■ Work request:
Using the entries that follow, transcribe only the lines from the line with "I love this" to the line with "Pendientes largos joya", both included, exactly as they stand and without pictures.

■ Material for this exercise:
# # # #

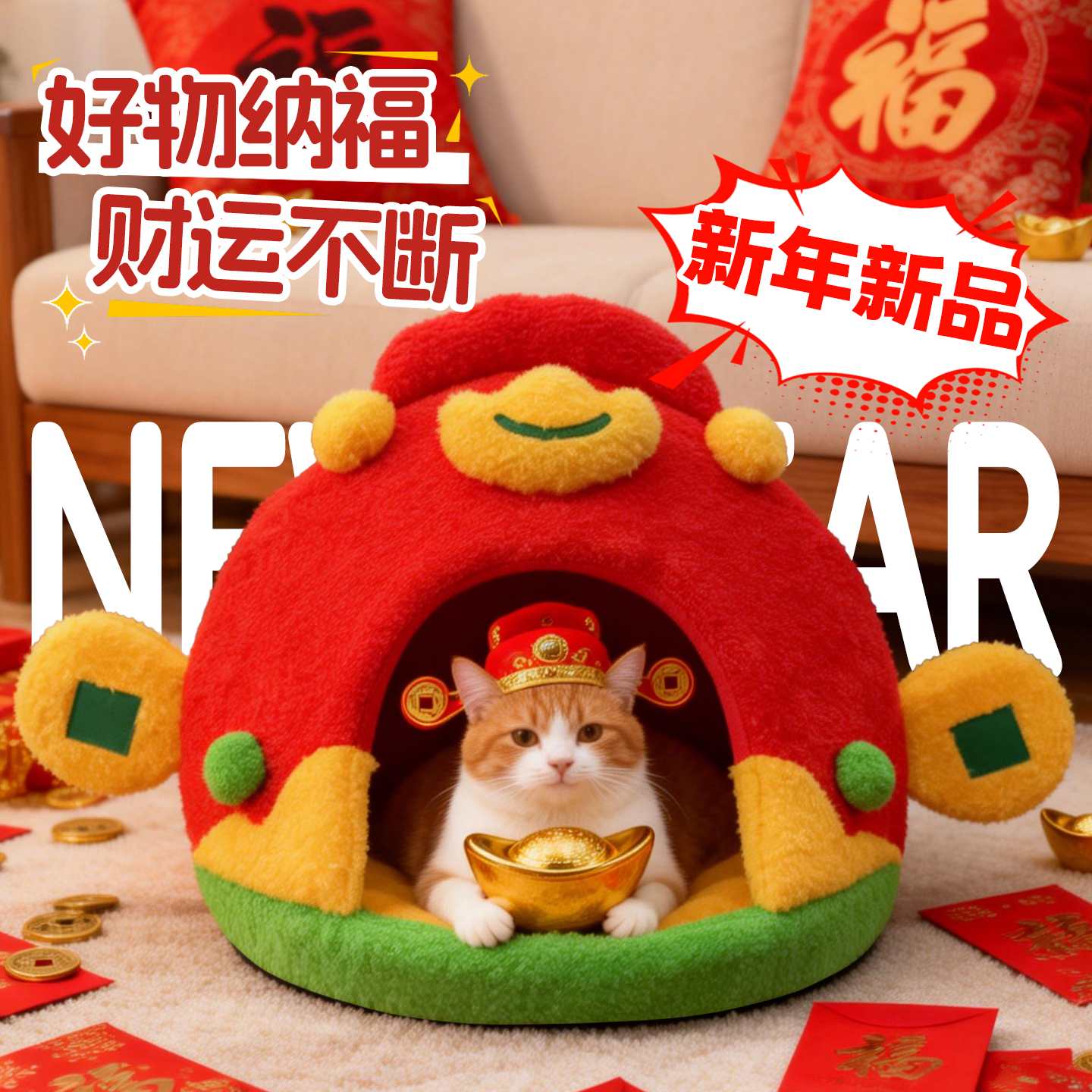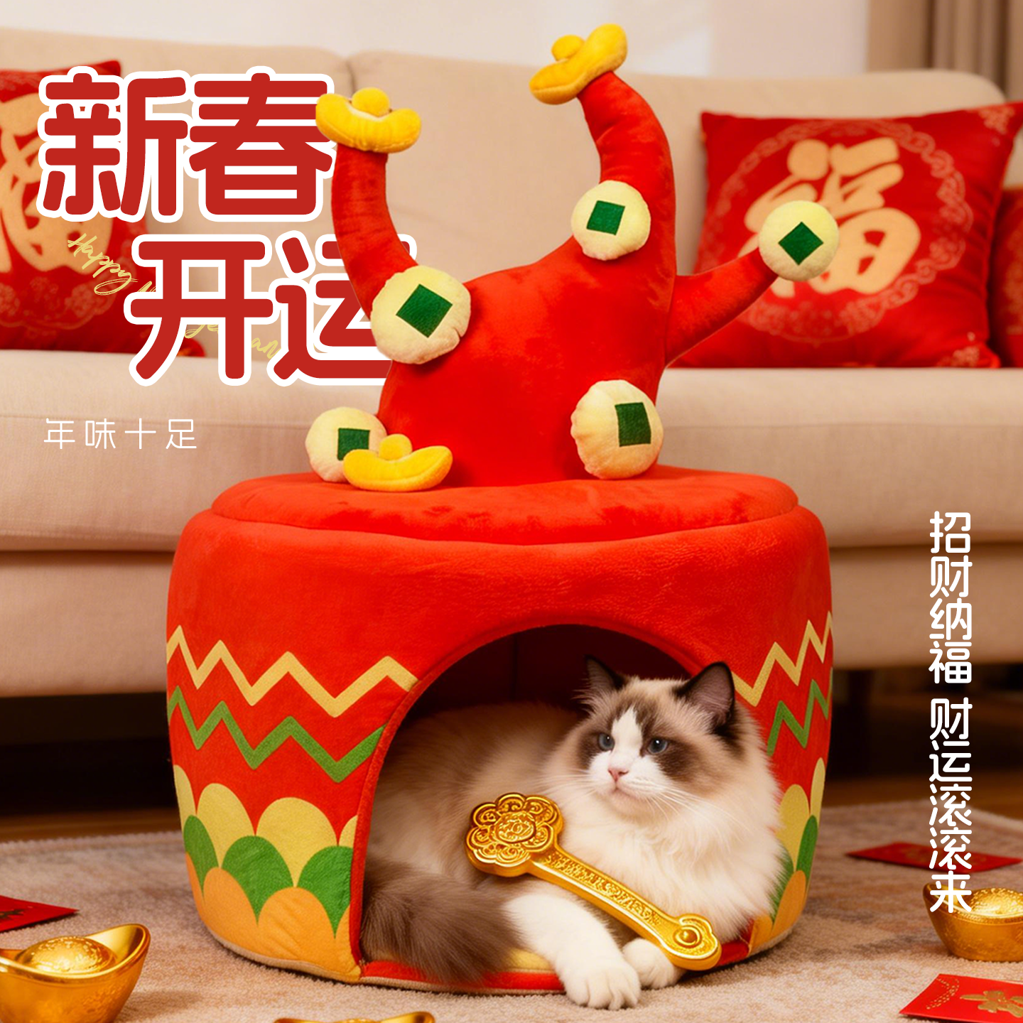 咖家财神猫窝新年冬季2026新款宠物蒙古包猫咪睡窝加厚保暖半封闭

# # # #

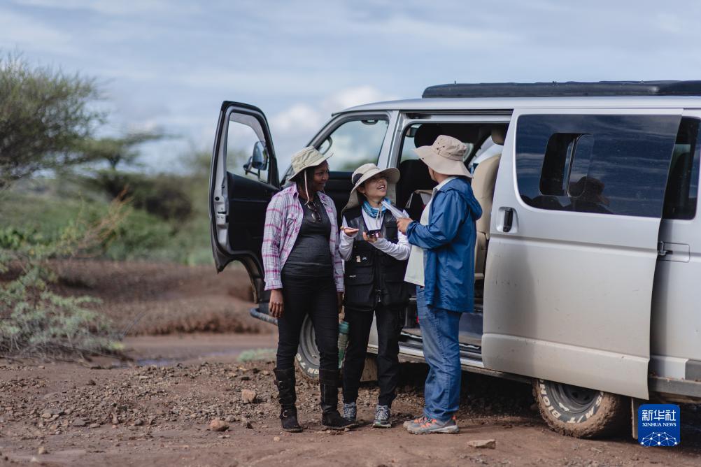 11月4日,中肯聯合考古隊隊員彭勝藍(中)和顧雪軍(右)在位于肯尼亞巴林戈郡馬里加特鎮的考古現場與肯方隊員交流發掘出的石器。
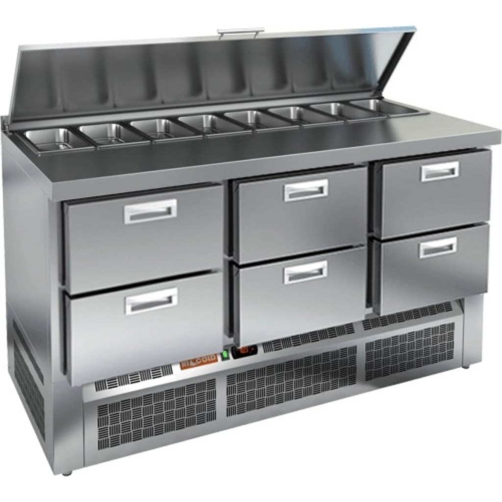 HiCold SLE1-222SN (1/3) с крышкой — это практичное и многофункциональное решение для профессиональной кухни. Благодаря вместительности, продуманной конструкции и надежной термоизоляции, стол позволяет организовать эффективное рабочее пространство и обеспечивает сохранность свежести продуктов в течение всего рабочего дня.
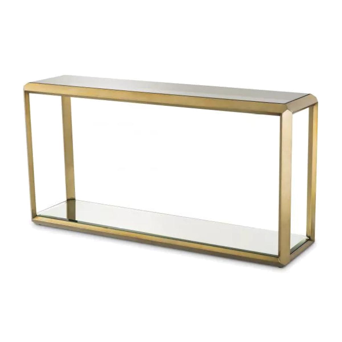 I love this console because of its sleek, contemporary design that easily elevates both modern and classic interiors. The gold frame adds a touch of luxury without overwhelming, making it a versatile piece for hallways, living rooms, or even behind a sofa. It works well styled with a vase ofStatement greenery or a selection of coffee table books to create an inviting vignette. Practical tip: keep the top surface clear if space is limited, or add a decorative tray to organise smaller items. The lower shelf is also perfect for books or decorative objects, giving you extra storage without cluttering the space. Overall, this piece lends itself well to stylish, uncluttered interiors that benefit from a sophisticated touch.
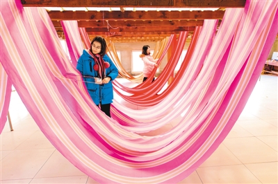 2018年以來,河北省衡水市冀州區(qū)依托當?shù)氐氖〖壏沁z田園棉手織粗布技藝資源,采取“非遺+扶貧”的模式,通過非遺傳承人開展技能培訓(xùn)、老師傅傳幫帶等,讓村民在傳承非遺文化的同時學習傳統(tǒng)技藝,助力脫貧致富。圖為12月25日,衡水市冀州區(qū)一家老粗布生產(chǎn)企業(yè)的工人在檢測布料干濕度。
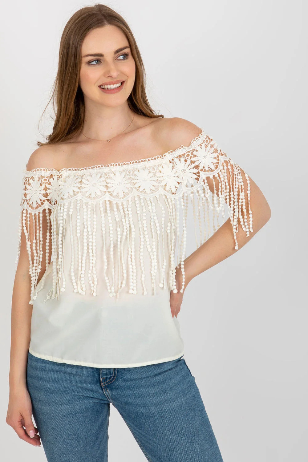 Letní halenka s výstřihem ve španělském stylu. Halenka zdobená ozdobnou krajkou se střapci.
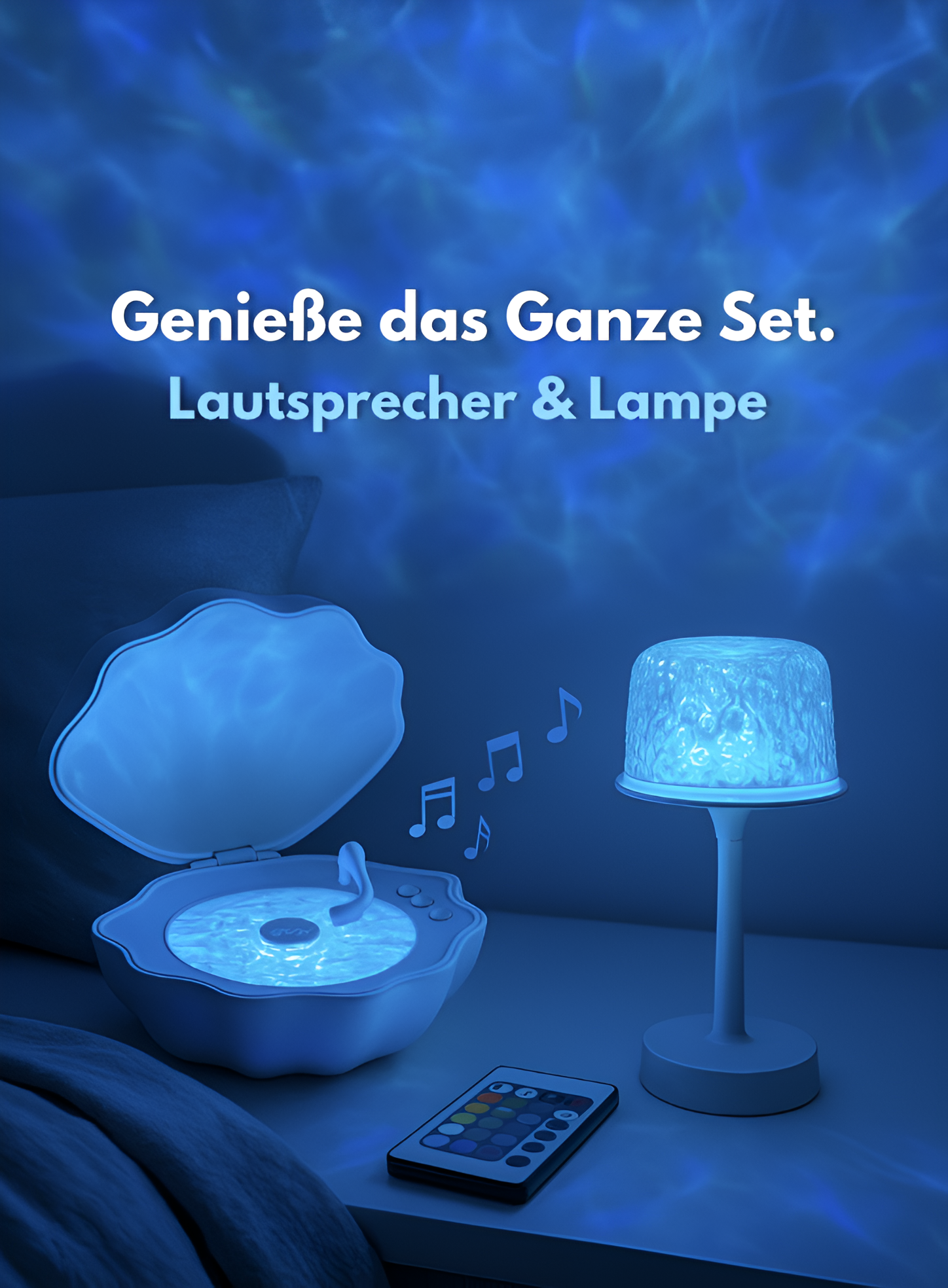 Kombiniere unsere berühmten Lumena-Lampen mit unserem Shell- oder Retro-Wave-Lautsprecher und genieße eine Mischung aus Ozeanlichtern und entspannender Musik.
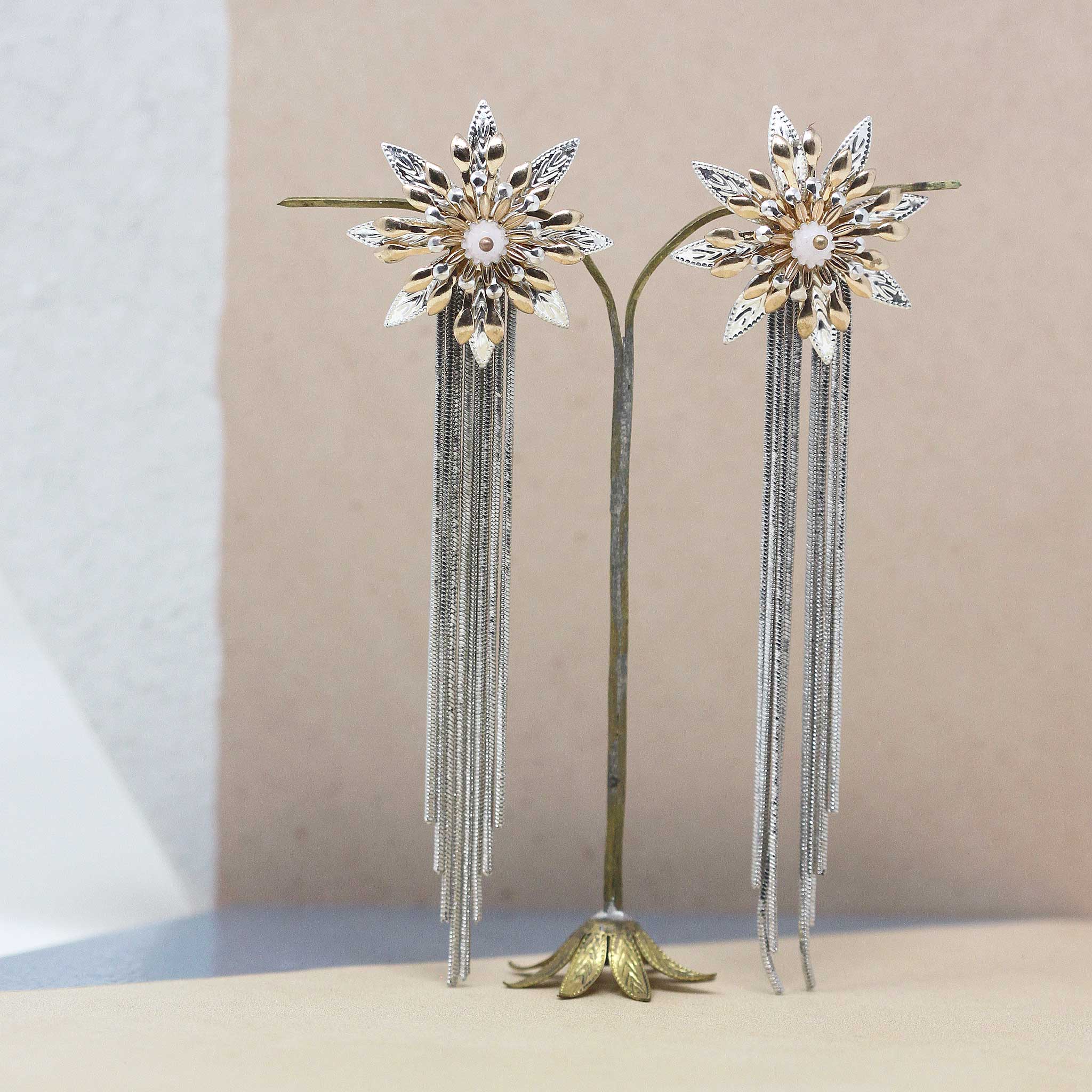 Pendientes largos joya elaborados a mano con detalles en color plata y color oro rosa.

# # # #

■ Solution:
 I love this console because of its sleek, contemporary design that easily elevates both modern and classic interiors. The gold frame adds a touch of luxury without overwhelming, making it a versatile piece for hallways, living rooms, or even behind a sofa. It works well styled with a vase ofStatement greenery or a selection of coffee table books to create an inviting vignette. Practical tip: keep the top surface clear if space is limited, or add a decorative tray to organise smaller items. The lower shelf is also perfect for books or decorative objects, giving you extra storage without cluttering the space. Overall, this piece lends itself well to stylish, uncluttered interiors that benefit from a sophisticated touch.
 2018年以來,河北省衡水市冀州區(qū)依托當?shù)氐氖〖壏沁z田園棉手織粗布技藝資源,采取“非遺+扶貧”的模式,通過非遺傳承人開展技能培訓(xùn)、老師傅傳幫帶等,讓村民在傳承非遺文化的同時學習傳統(tǒng)技藝,助力脫貧致富。圖為12月25日,衡水市冀州區(qū)一家老粗布生產(chǎn)企業(yè)的工人在檢測布料干濕度。
 Letní halenka s výstřihem ve španělském stylu. Halenka zdobená ozdobnou krajkou se střapci.
 Kombiniere unsere berühmten Lumena-Lampen mit unserem Shell- oder Retro-Wave-Lautsprecher und genieße eine Mischung aus Ozeanlichtern und entspannender Musik.
 Pendientes largos joya elaborados a mano con detalles en color plata y color oro rosa.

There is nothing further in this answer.